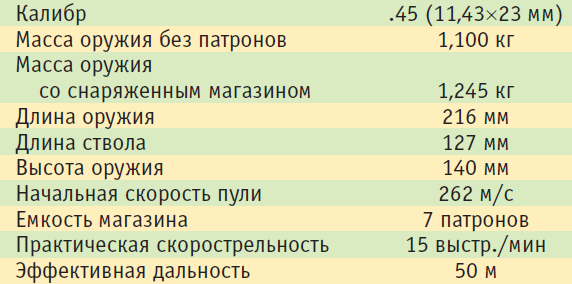 Тактико-технические характеристики пистолета «Colt» М 1911
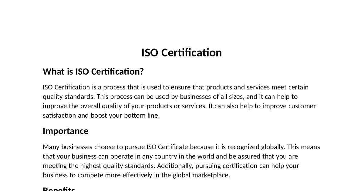 There are many benets of having an ISO Cercate. Some of these benets include:
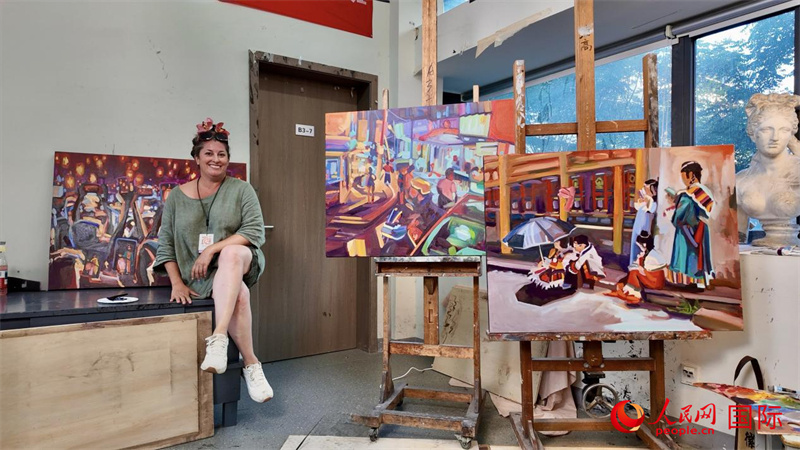 加拿大藝術(shù)家米歇爾在中國(guó)美術(shù)學(xué)院畫(huà)室創(chuàng)作。人民網(wǎng) 嚴(yán)小晶攝
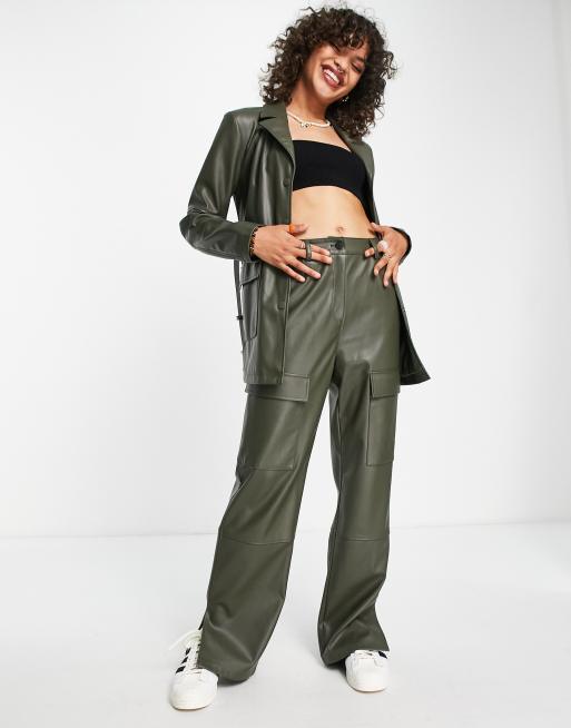 JJXX utility faux leather cargo pants in dark green part of a set
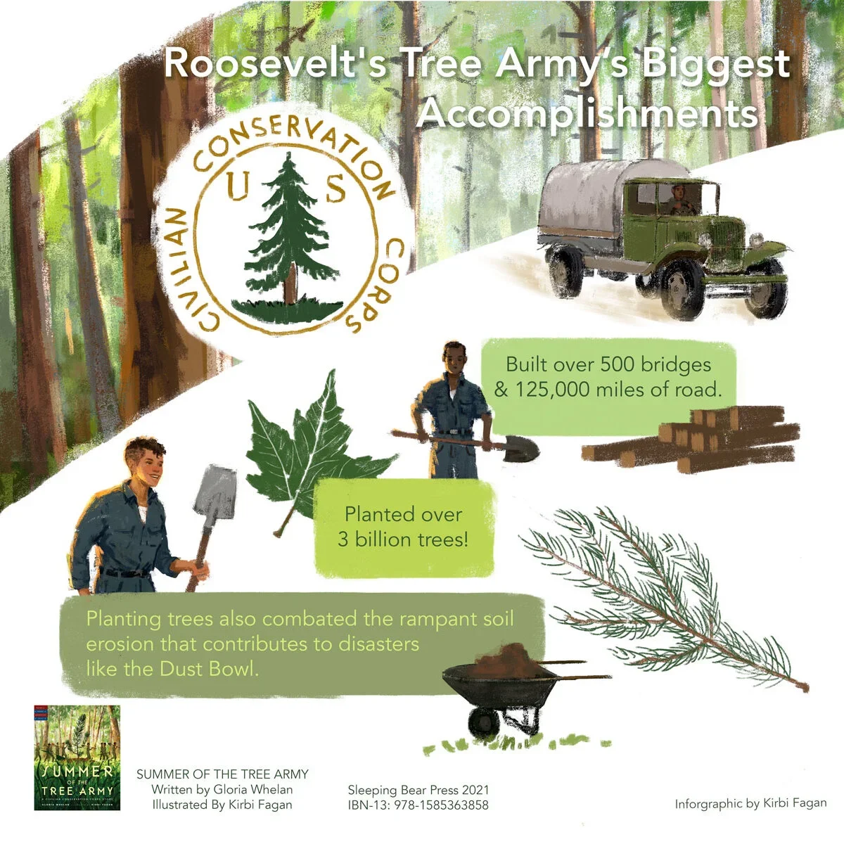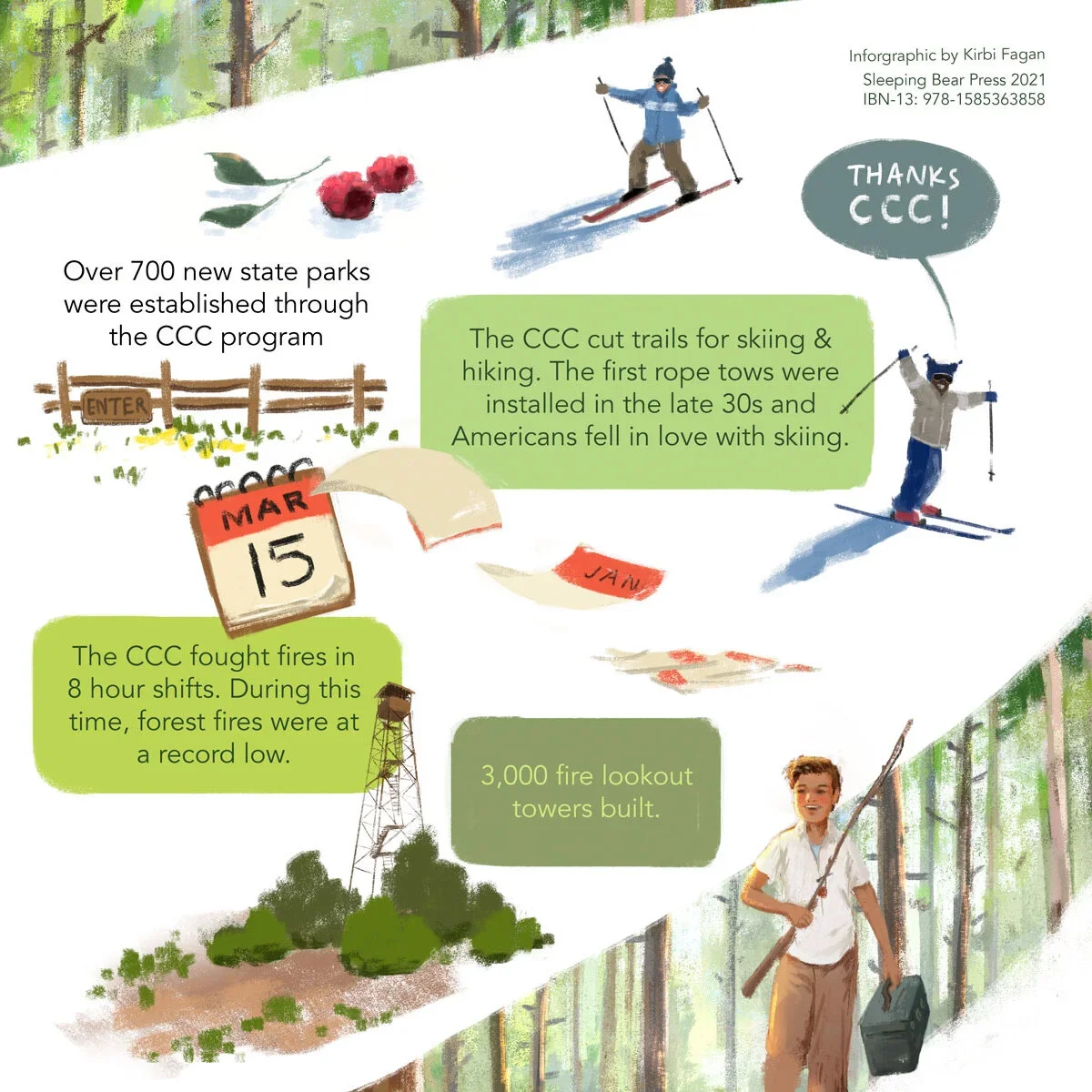 This book explores the Civilian Conservation Corps (CCC). This program helped shape and protect many of our national parks during the 1930s, showing how people have historically worked to protect and restore land. It follows a boy named Charlie in northern Michigan who learns about the work of the CCC as they help in forest conservation, planting trees, building infrastructure, and fighting fire.
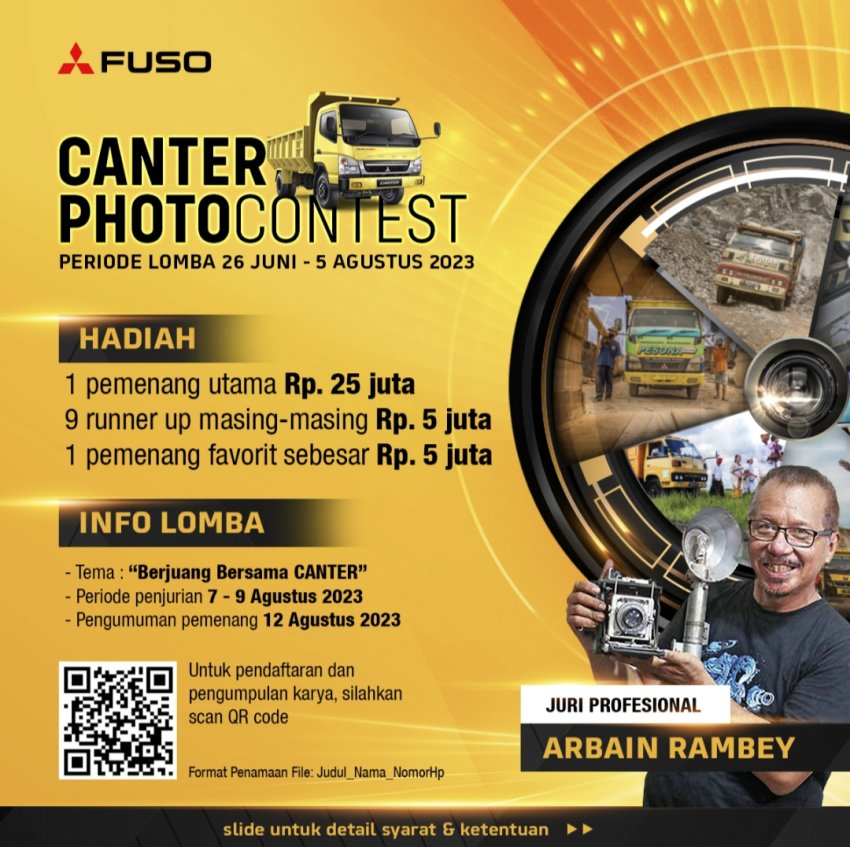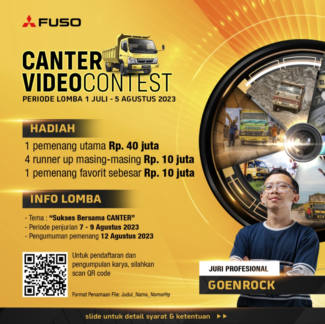 Untuk menyemarakkan anniversary Mitsubishi FUSO Canter, PT. KTB mengajak publik untuk berpartisipasi menjadi bagian dari sejarah perjalanan FUSO Canter dengan menggelar Photo & Video Competition yang menggambarkan cerita sukses para pelaku usaha bersama Canter.
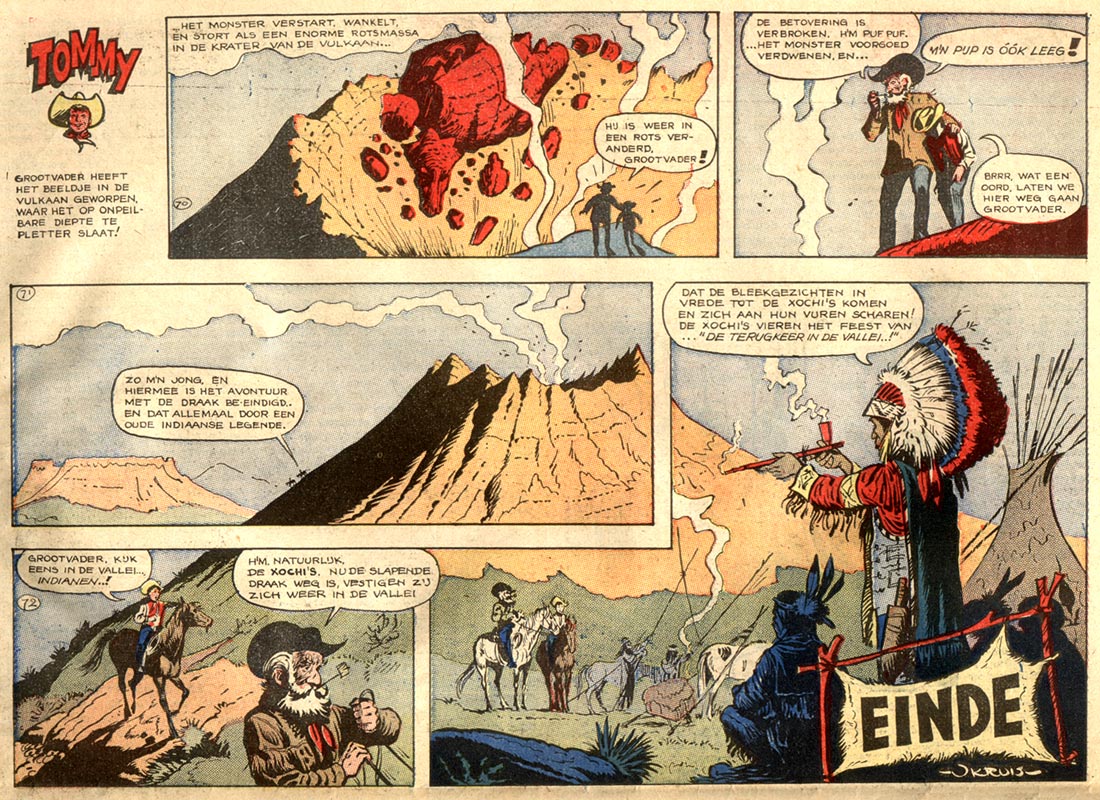 Starting in 1958, Kruis spent seven years as a commercial artist with the The Hague office of the advertising firm Van Maanen, doing mainly advertising and illustration assignments for petrol company Shell and the Niemeijer tobacco factory. During this period, he developed his recognizable cartoony drawing style, with its loose lay-outs and shaky ink lines. Between 1958 and 1963, Kruis was assigned to contribute to the Shell Junior Club magazine Olidin, produced by Van Maanen. These first professional efforts as a comic artist included creations like the young cowboy 'Tommy' (five stories, 1958-1963) and the medieval minstrel 'Baldino' (two stories, 1959, 1963). In later years, Kruis revealed that he had no particular knowledge of the Far West or the Middle Ages, but just improvised as he went along. For the second 'Baldino' story, Kruis outsourced the artwork to Jan van der Voo, who became his frequent collaborator. For the dialogues, he received help from his brother Ger. After 'Baldino en de Tovenaarsleerling', the Kruis brothers and Van der Voo created another Olidin serial together, 'De Kleine Hertog' (1963), about a little duke who is mistaken for a cook's boy and sent on a sea trip.
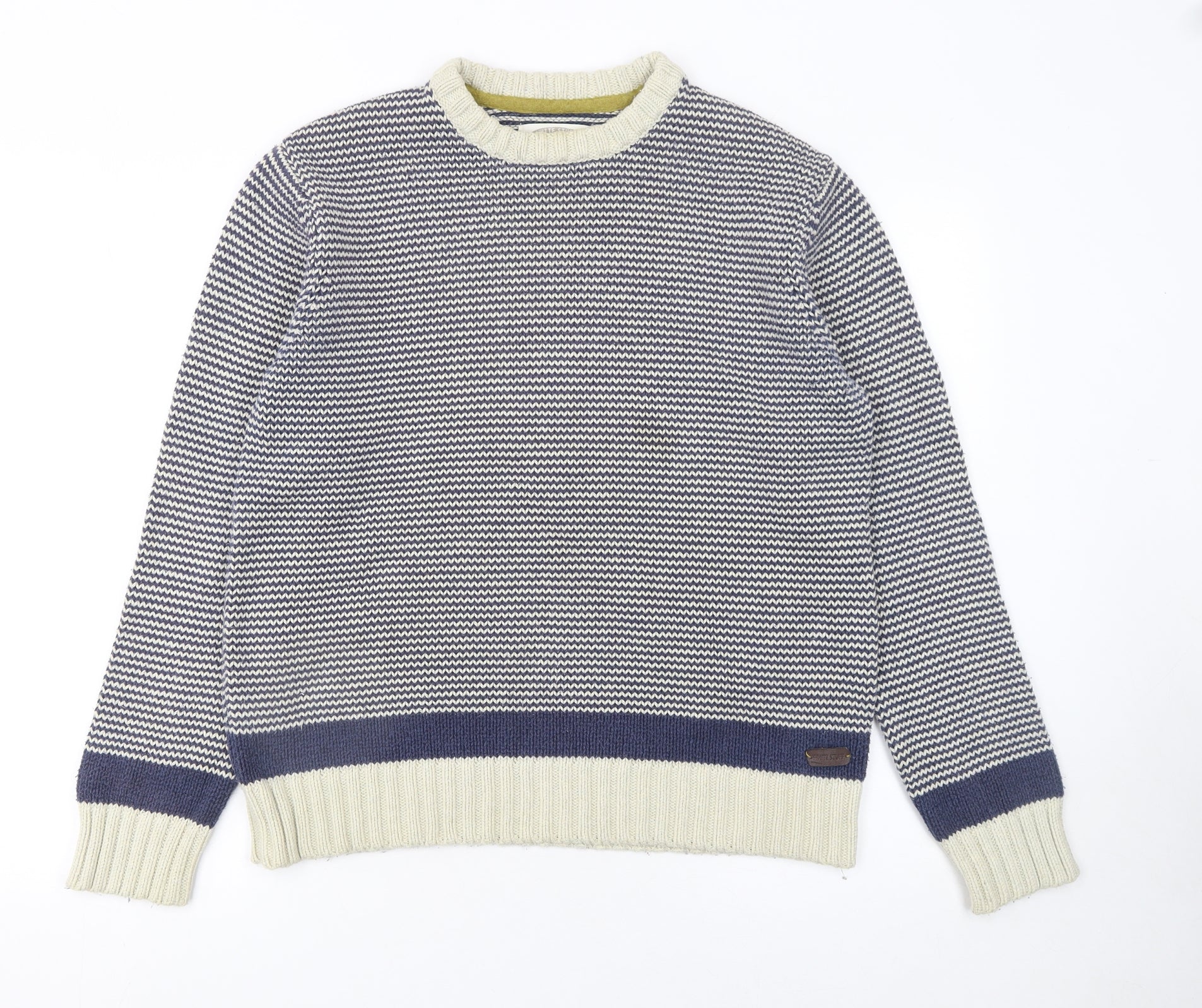 Men's Blue Striped Cotton Knit Jumper Medium Crew Neck
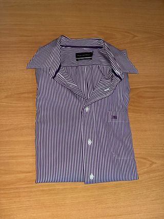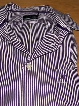 Camisa de vestir de la marca Pedro del Hierro, con un elegante diseño de rayas verticales en morado y blanco. Es una prenda sin estrenar, ideal para ocasiones formales o para el día a día. - Diseño de rayas verticales. - Cuello clásico. - Cierre de botones. - Bolsillo en el pecho con logo bordado.
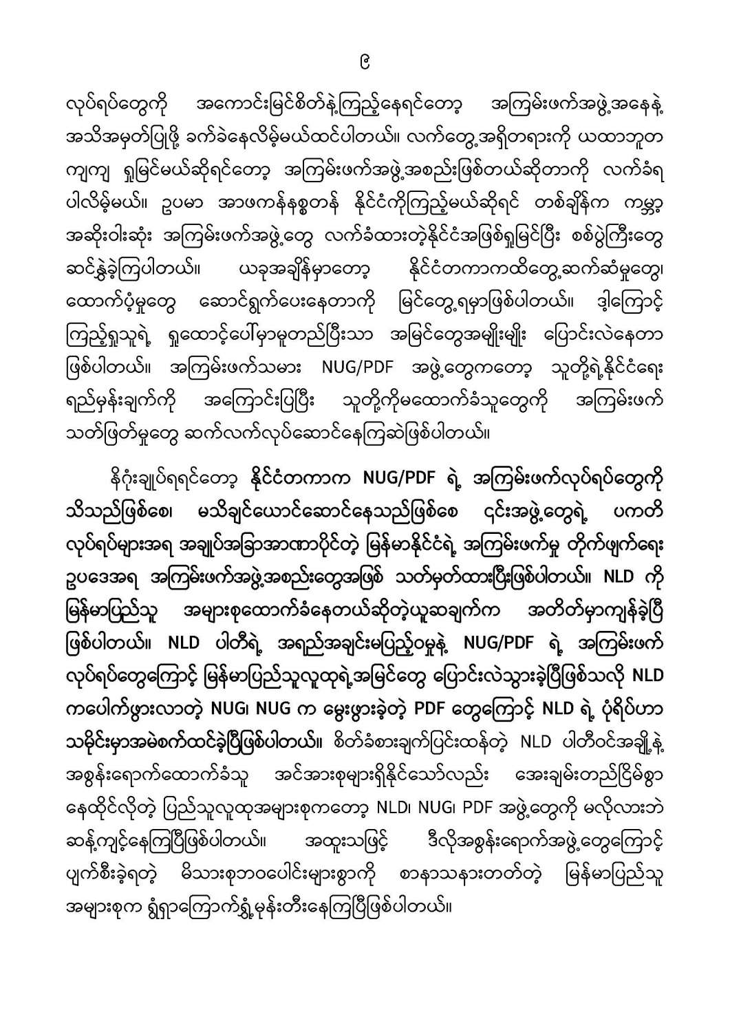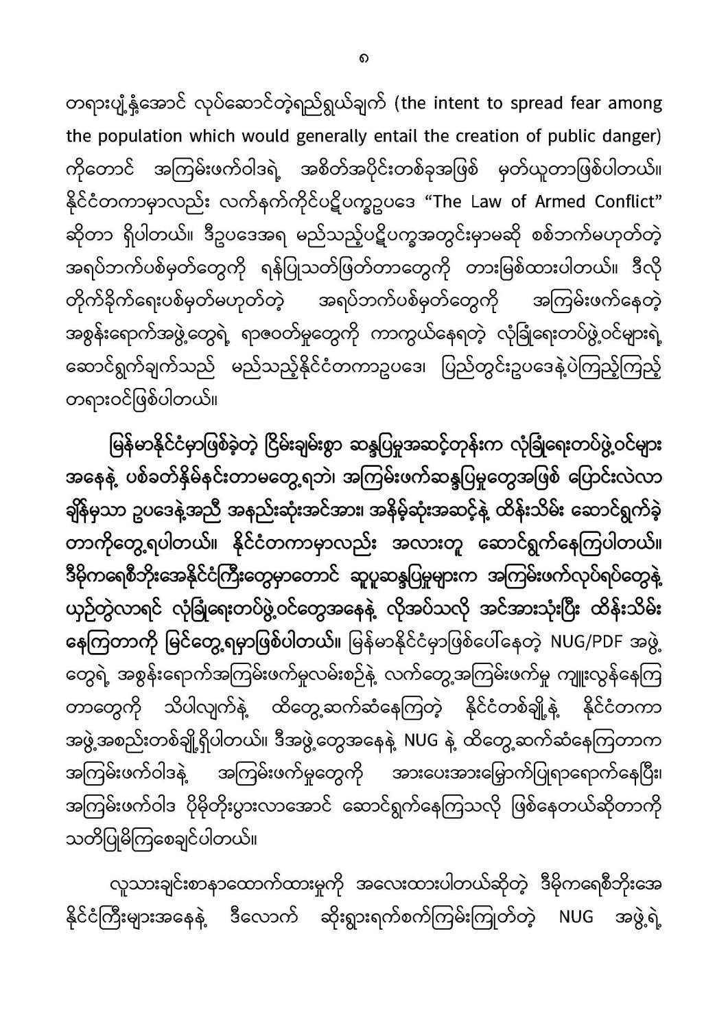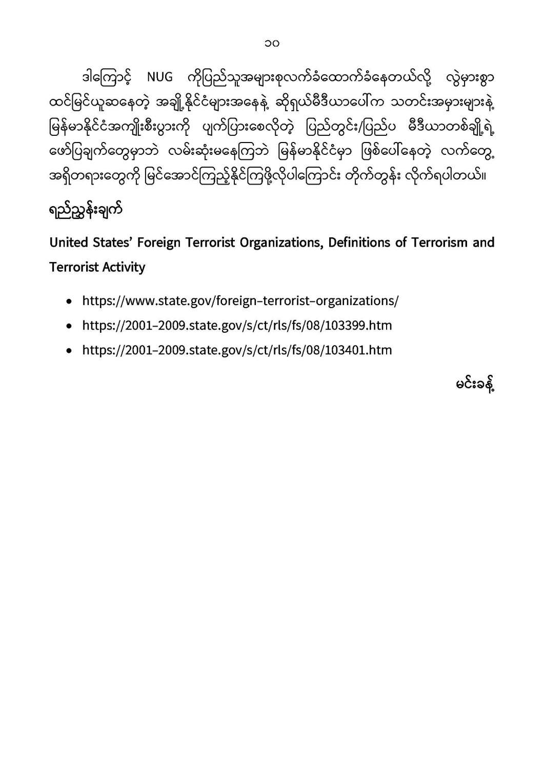 နိုင်ငံတော်အစိုးရ၏ ကြေညာချက်များ

-- Exercise brief --
Copy the lines above exactly, starting at the one with "JJXX utility faux" and ending at the one with "This book explores", both included. Leave out any pictures and add nothing else.

-- Answer for the task --
 JJXX utility faux leather cargo pants in dark green part of a set
 This book explores the Civilian Conservation Corps (CCC). This program helped shape and protect many of our national parks during the 1930s, showing how people have historically worked to protect and restore land. It follows a boy named Charlie in northern Michigan who learns about the work of the CCC as they help in forest conservation, planting trees, building infrastructure, and fighting fire.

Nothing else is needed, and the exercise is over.